The NVIDIA playbooks live in /data/playbooks/nvidia and are cloned directly from their GitHub repository. Here’s the directory structure after cloning:

/data/playbooks/nvidia
├── nvidia/ollama
│   ├── ansible/
│   │   ├── roles/
│   │   │   ├── gpu_passthrough/
│   │   │   │   └── tasks/main.yml
│   │   │   └── persistent_volume/
│   │   │       └── tasks/main.yml
│   ├── docker-compose.yml
│   ├── .env
│   └── systemd/
│       └── ollama.service
├── nvidia/open-webui
│   ├── Dockerfile.arm64
│   ├── docker-compose.yml
│   └── patches/
│       └── webui.patch
└── nvidia/sglang
    ├── ansible/
    │   └── roles/
    │       └── memory_settings/
    │           └── tasks/main.yml
    └── docker-compose.yml

The nvidia/ollama playbook, for example, isn’t just a wrapper around ollama pull. It sets up a persistent volume for model storage, configures the NVIDIA Container Toolkit for GPU passthrough, and includes a systemd service to keep the Ollama server running across reboots:

# /data/playbooks/nvidia/nvidia/ollama/docker-compose.yml
services:
  ollama:
    image: ollama/ollama:latest
    runtime: nvidia
    volumes:
      - /mnt/models:/root/.ollama
    environment:
      - NVIDIA_VISIBLE_DEVICES=all
      - NVIDIA_DRIVER_CAPABILITIES=compute,utility
    ports:
      - "11434:11434"
    restart: unless-stopped

The nvidia/open-webui playbook does the same for the web interface, but it also patches the Dockerfile to use the DGX Spark’s ARM64 base image instead of the default x86_64 one:

# /data/playbooks/nvidia/nvidia/open-webui/Dockerfile.arm64
FROM --platform=linux/arm64 ghcr.io/open-webui/open-webui:main
# ... additional ARM64-specific patches

Skipping these patches means your UI won’t start, or worse, it will start but silently fail to load models. Here’s the error you’ll see if you try to run the x86_64 image on ARM64:

$ docker compose up
[+] Running 1/1
 ⠿ Container open-webui  Creating
Error response from daemon: image with reference open-webui:main was found but does not match the specified platform linux/arm64

The playbooks aren’t magic. They assume you’ve already partitioned your NVMe drives for ZFS, set up user namespaces for unprivileged containers, and disabled swap to avoid OOM kills during large model loads. If you haven’t, the playbooks will fail in ways that look like model incompatibilities but are actually storage or permissions issues. The nvidia/sglang playbook is particularly brutal here. SGLang’s RadixAttention engine requires pinned memory, and the playbook’s default settings assume you’ve allocated 80% of your RAM to the GPU:

# /data/playbooks/nvidia/nvidia/sglang/docker-compose.yml
environment:
  - SGLANG_ALLOCATE_80_PERCENT_RAM=1
  - NVIDIA_VISIBLE_DEVICES=all

If you skimped on RAM or didn’t set the NVIDIA_VISIBLE_DEVICES environment variable correctly, the playbook will deploy but the service will crash with a segfault. Here’s the error message you’ll see in the logs:

$ journalctl -u sglang -f
-- Logs begin at Mon 2024-06-10 12:00:00 UTC. --
Jun 10 12:01:42 dgx-spark sglang[12345]: [2024-06-10 12:01:42,789] ERROR engine.cpp:123] failed to initialize engine
Jun 10 12:01:42 dgx-spark sglang[12345]: [2024-06-10-12:01:42.789] [default] [FATAL] [default] [default] CUDA error: out of memory

The error message won’t mention memory. It’ll say “failed to initialize engine” and leave you debugging CUDA contexts for hours.

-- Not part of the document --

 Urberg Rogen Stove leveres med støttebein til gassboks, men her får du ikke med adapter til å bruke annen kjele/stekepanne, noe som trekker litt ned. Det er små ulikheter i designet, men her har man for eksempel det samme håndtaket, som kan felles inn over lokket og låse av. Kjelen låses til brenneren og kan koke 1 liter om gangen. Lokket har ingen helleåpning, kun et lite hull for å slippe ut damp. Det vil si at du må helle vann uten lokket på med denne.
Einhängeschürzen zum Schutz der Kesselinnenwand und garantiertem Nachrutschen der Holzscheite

The playbooks also include playbooks for services you might not need yet but will regret skipping later. The nvidia/portfolio-optimization playbook, for instance, sets up a FastAPI service that wraps NVIDIA’s cuQuantum portfolio optimizer:

# /data/playbooks/nvidia/nvidia/portfolio-optimization/app/main.py
from fastapi import FastAPI, HTTPException
from pydantic import BaseModel
import cuquantum as cq
import numpy as np

app = FastAPI()

class PortfolioRequest(BaseModel):
    weights: list[float]
    covariance_matrix: list[list[float]]

@app.post("/optimize")
async def optimize_portfolio(request: PortfolioRequest):
    try:
        # Pre-quantized model loaded here
        model = cq.PortfolioOptimizer.load("model.npz")
        result = model.optimize(request.weights, request.covariance_matrix)
        return {"status": "success", "result": result}
    except Exception as e:
        raise HTTPException(status_code=500, detail=str(e))

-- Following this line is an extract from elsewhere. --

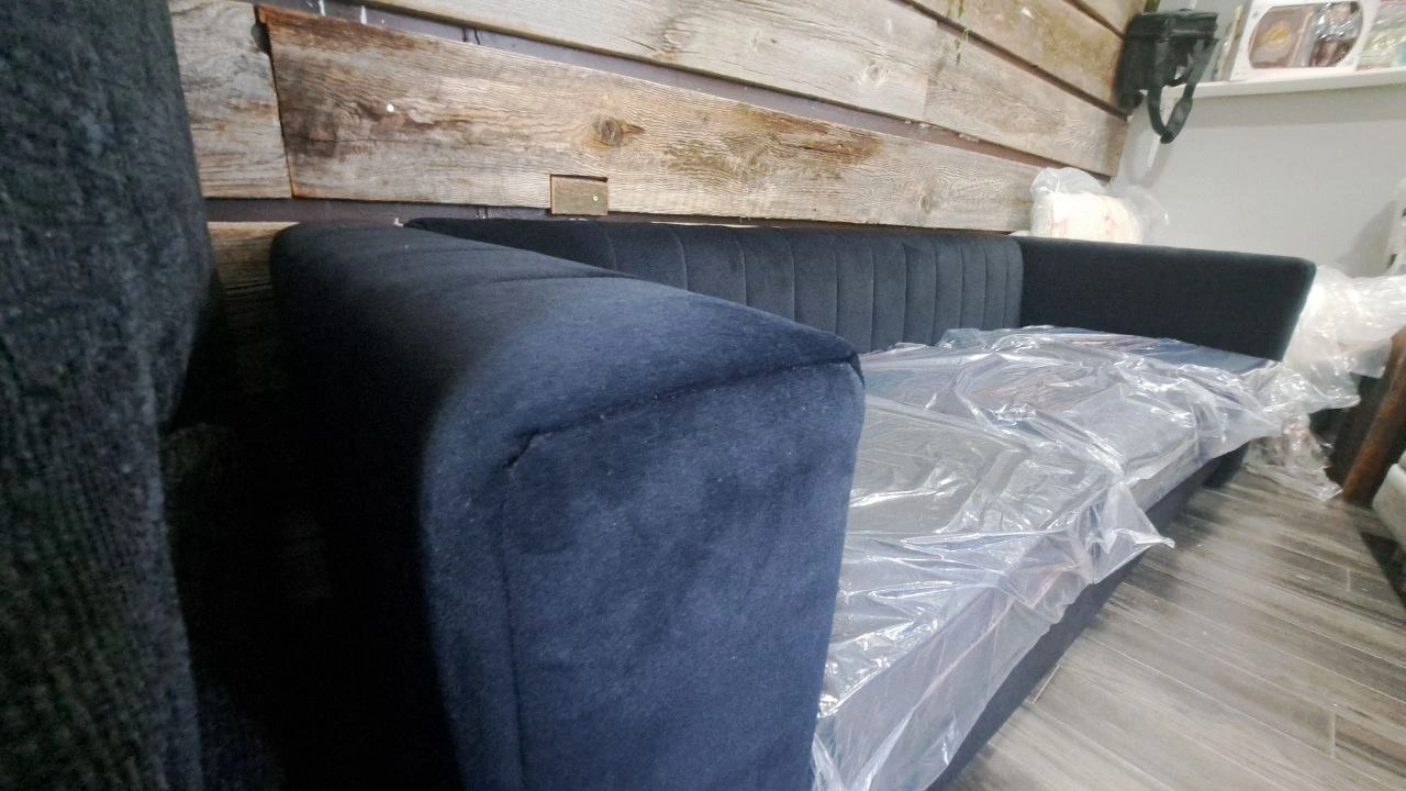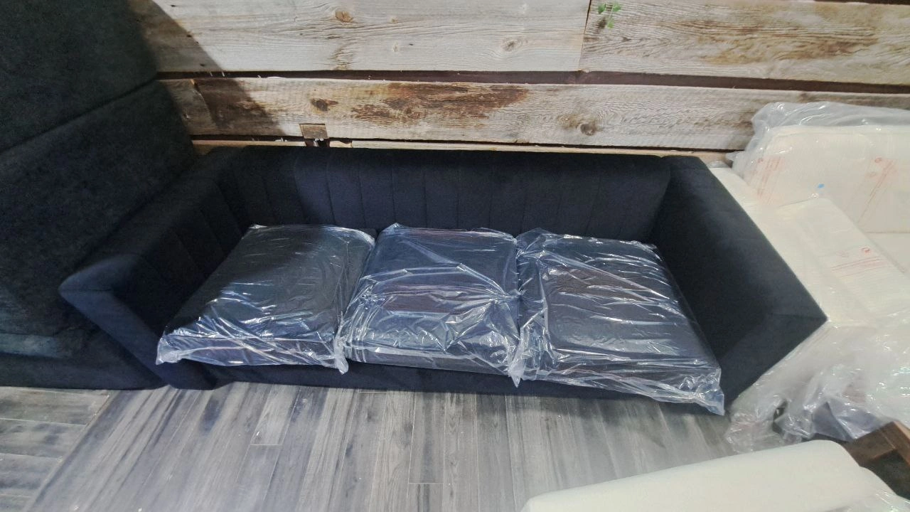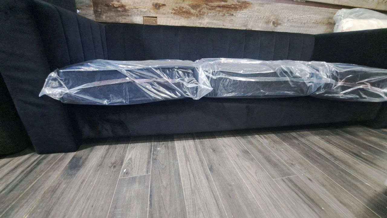 Selling a beautiful black velvet sofa in excellent condition! The cushions are still wrapped in plastic, so it's practically brand new. It's a stylish and comfortable piece that would look great in any living room. Don't miss out!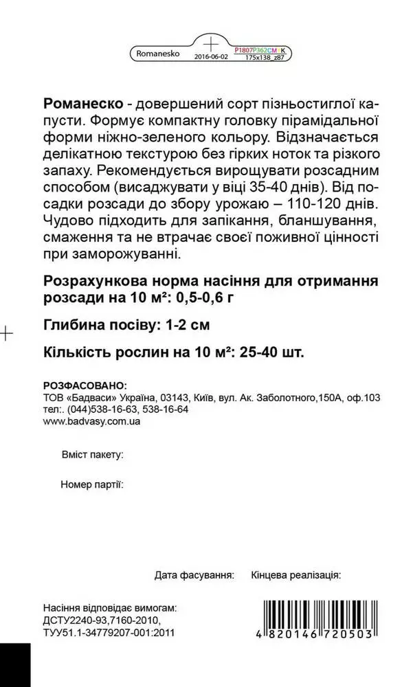 Довершений сорт пізньостиглої капусти. Формує компактну головку пірамідальної форми ніжно-зеленого кольору. Відзначається делікатною текстурою та кремовим смаком без гірких ноток та різкого запаху. Рекомендується вирощувати розсадним способом (висаджувати у віці 35-40 днів). Від посадки розсади до збору урожаю – 110-120 днів. Чудово підходить для запікання, бланшування, смаження і не втрачає своєї поживної цінності при заморожуванні.

It’s not just a Python script. It includes a systemd socket activation unit so the service starts only when a request arrives, reducing idle memory usage:

# /data/playbooks/nvidia/nvidia/portfolio-optimization/systemd/portfolio-optimization.socket
[Socket]
ListenStream=8000
Accept=true

[Install]
WantedBy=sockets.target

It also ships with a pre-quantized model so you’re not waiting for a 4-hour quantization job on your first run. Skip this playbook and you’ll spend a weekend wrestling with cuQuantum’s Python bindings and CUDA version mismatches.

MCP integration is where the playbooks start to feel like part of a larger system. The Model Context Protocol isn’t just another API standard. It’s a way to expose local services as tools that agents can call without knowing the underlying implementation. The example MCP server in the playbook isn’t a toy. It’s a template for turning any DGX Spark service into an agent-executable tool:

# /data/playbooks/nvidia/nvidia/mcp-server/optimize_portfolio.py
import asyncio
from mcp import Server
from pydantic import BaseModel, Field
import httpx

class OptimizeRequest(BaseModel):
    weights: list[float] = Field(..., description="Portfolio weights")
    covariance_matrix: list[list[float]] = Field(..., description="Covariance matrix")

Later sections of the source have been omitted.